Starligue

Cesson veut réussir sa mue

Alors que la future grande salle est en construction et entrera en fonction en cours de saison, Cesson est en reconstruction sportivement, avec un nouveau projet sportif, un nouvel entraîneur et un effectif remanié. Avec pour objectif à court terme de ne plus revivre des saisons compliquées comme la précédente.

On n’est peut-être pas venu le bon jour. C’est ce qu’on s’est dit mercredi dernier, quand on a vu Cesson-Rennes prendre l’eau à domicile en amical contre Chartres, club qui fait certes office de poids lourd en Proligue. Devant leur public venu nombreux (autour des 2/3 du Palais des sports rempli pour un match amical le 15 août, tout de même) découvrir les nouveaux joueurs et le nouvel entraîneur, les Cessonnais sont passés à côté, largués au score dès le début de la rencontre, accusant un retard maximal de quinze buts en deuxième période pour finalement s’incliner 18-31. « On a fait un non-match », reconnaît Allan Villeminot, qui rappelle au passage le gros travail physique qui lui et ses coéquipiers ont effectué depuis la reprise. Mais ce match a rappelé à beaucoup ces rencontres si ternes de la saison passée, pendant laquelle le CRMHB n’a gagné qu’une fois à domicile et a eu toutes les peines du monde à se maintenir. Bref, un exercice que tous essaient d’oublier.

Christian Gaudin a pris ses marques

Pourtant, la préparation avait bien débuté. Christian Gaudin, fraîchement arrivé au poste d’entraîneur début juin avec un contrat de trois ans (ce qui rompt le particularisme cessonnais, qui avait fait signer des CDI à ses entraîneurs précédents), est d’ailleurs satisfait de ses premiers pas au club. « J’ai senti des gens très accueillants, un club bien organisé qui a envie d’aller de l’avant », explique-t-il. Partis rapidement en stage du côté de Limoges, les joueurs ont pu apprendre à se connaître et à connaître leur nouveau coach. « Je sens des joueurs très impliqués, très appliqués, concentrés dans le travail au quotidien », poursuit ce dernier. Ce début de préparation positif s’est bien poursuivi avec une prestation encourageante à Dunkerque où les Cessonnais se sont imposés (24-25). « Vu comme on a joué à Dunkerque, qui est une belle équipe, je pense que ce match contre Chartres était l’exception », positive ainsi Dominik Kalafut, la recrue allemande au poste de pivot, qui a découvert à cette occasion le Palais des sports où il a été difficilement trouvé par ses partenaires (1 but). « J’ai passé trois semaines et demi plutôt agréables au niveau du travail, reprend Christian Gaudin, aussi car ça s’est ponctué par une victoire à Dunkerque, avec quand même des inquiétudes après ce match.
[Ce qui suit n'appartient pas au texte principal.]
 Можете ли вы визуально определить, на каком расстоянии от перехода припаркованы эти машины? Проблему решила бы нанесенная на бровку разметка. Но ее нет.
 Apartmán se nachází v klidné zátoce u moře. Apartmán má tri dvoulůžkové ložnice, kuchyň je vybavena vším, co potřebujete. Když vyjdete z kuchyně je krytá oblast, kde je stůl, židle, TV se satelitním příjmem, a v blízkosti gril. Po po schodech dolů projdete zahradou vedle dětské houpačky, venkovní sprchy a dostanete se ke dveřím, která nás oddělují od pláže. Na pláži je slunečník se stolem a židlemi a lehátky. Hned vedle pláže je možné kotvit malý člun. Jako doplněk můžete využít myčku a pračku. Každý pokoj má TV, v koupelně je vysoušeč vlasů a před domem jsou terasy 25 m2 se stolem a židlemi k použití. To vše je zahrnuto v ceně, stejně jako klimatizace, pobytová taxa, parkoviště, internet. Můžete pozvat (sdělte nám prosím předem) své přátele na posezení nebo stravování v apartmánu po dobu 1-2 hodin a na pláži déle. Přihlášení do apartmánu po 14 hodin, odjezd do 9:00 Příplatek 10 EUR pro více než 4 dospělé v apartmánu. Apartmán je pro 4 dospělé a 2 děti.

Elles se sont confirmées ce soir [mercredi dernier]. Je me disais qu’on avait déjà assimilé bien les choses, ça me paraissait un peu rapide… J’ai la confirmation qu’on a encore du travail ! » Le travail avance tout de même. Samedi, Cesson a retrouvé le chemin de la victoire face à Caen (Proligue, 27-22).
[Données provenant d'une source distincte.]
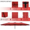 1.Double Sided Design for Larger Shaded Area: This patio umbrella is characterized by its 15ft double-sized canopy, which provides extra-large shading coverage for your whole family and friends. So you can put furniture set under the umbrella to relax and enjoy the breeze during leisure time.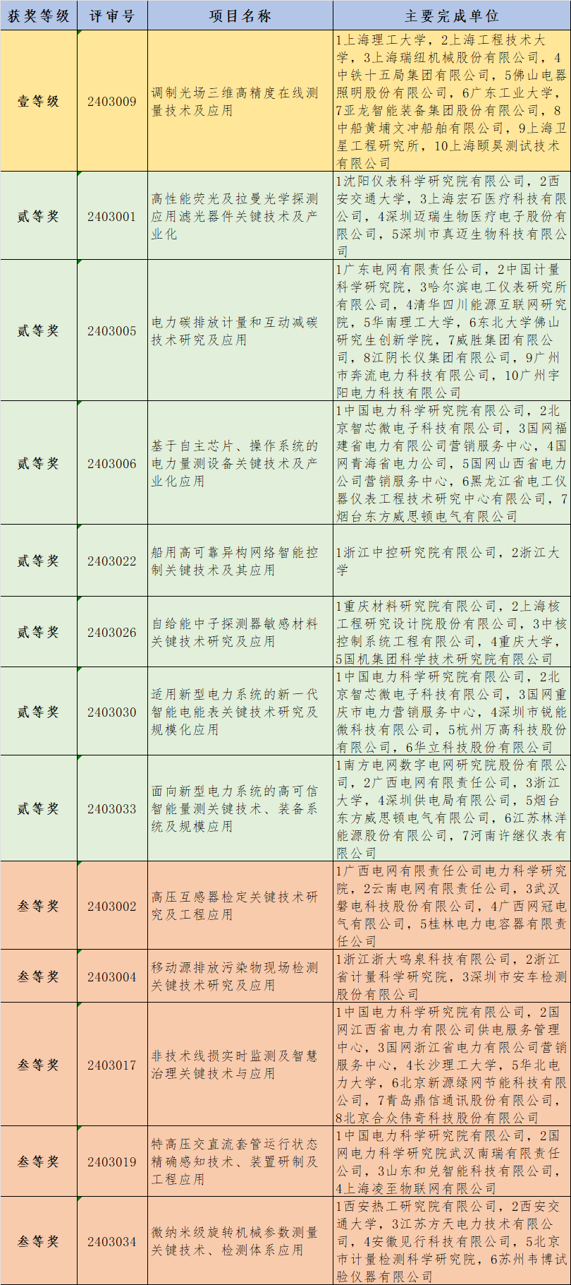近日,機械工業科學技術獎勵辦公室發布了2024年度“機械工業科學技術獎”擬授獎項目公示。共評出擬授獎項目435項,其中技術發明獎34項(特等獎1項、一等獎12項、二等獎17項、三等獎4項)、科技進步獎401項(特等獎4項、一等獎28項、二等獎184項、三等獎185項)。其中儀器儀表組共獲得:技術發明類壹等級1項、貳等獎2項;科技進步類壹等級1項、貳等獎7項,叁等獎5項。
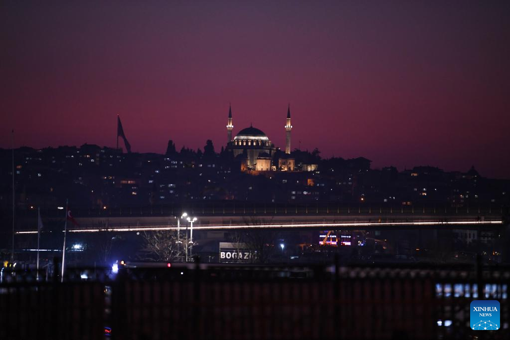 Photo taken on April 13, 2022 shows the sunset scenery of Istanbul, Turkey. (Xinhua/Shadati)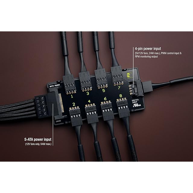 S-ATA(12Vファンのみ)による最大電力は54W、4ピンインターフェイスによる最大電力は24W。12V PCケースファンと、USB電源アダプタケーブルを含むNoctua製 5Vファン使用する5V環境の両方をサポートします。

Le nouveau coach fait partie d’un trio avec David Christmann, le directeur sportif arrivé en cours de saison dernière, et Mehdi Boubakar, son nouvel adjoint. Un nouveau trio à la charge du sportif qui est entré en fonction sur le tard, après que le bureau du club ait scellé le sort du duo Yérime SyllaRagnar Oskarsson quelques heures après la fin du championnat. « On a pris le cheval en course, déclare encore le coach. Il a fallu reconstruire une équipe, on n’a pas eu énormément de temps et je pense qu’on a optimisé le temps qu’on avait pour faire au mieux. » Pour rajouter à cette impression d’urgence dans la mise en place de la saison, le recrutement a été initié tardivement (à part pour le gardien roumain Alexandru Bucataru), et le club a dû trouver des arrangements pour se défaire de contrats de joueurs sur lesquels il ne comptait plus, à savoir ceux de Lars Jakobsen, Simon Ooms et Arber Qerimi. Pas un hasard si les deux dernières recrues, Michal Szyba et Dominik Kalafut, ont été annoncées en même temps que la résiliation des contrats des deux des trois joueurs susmentionnés.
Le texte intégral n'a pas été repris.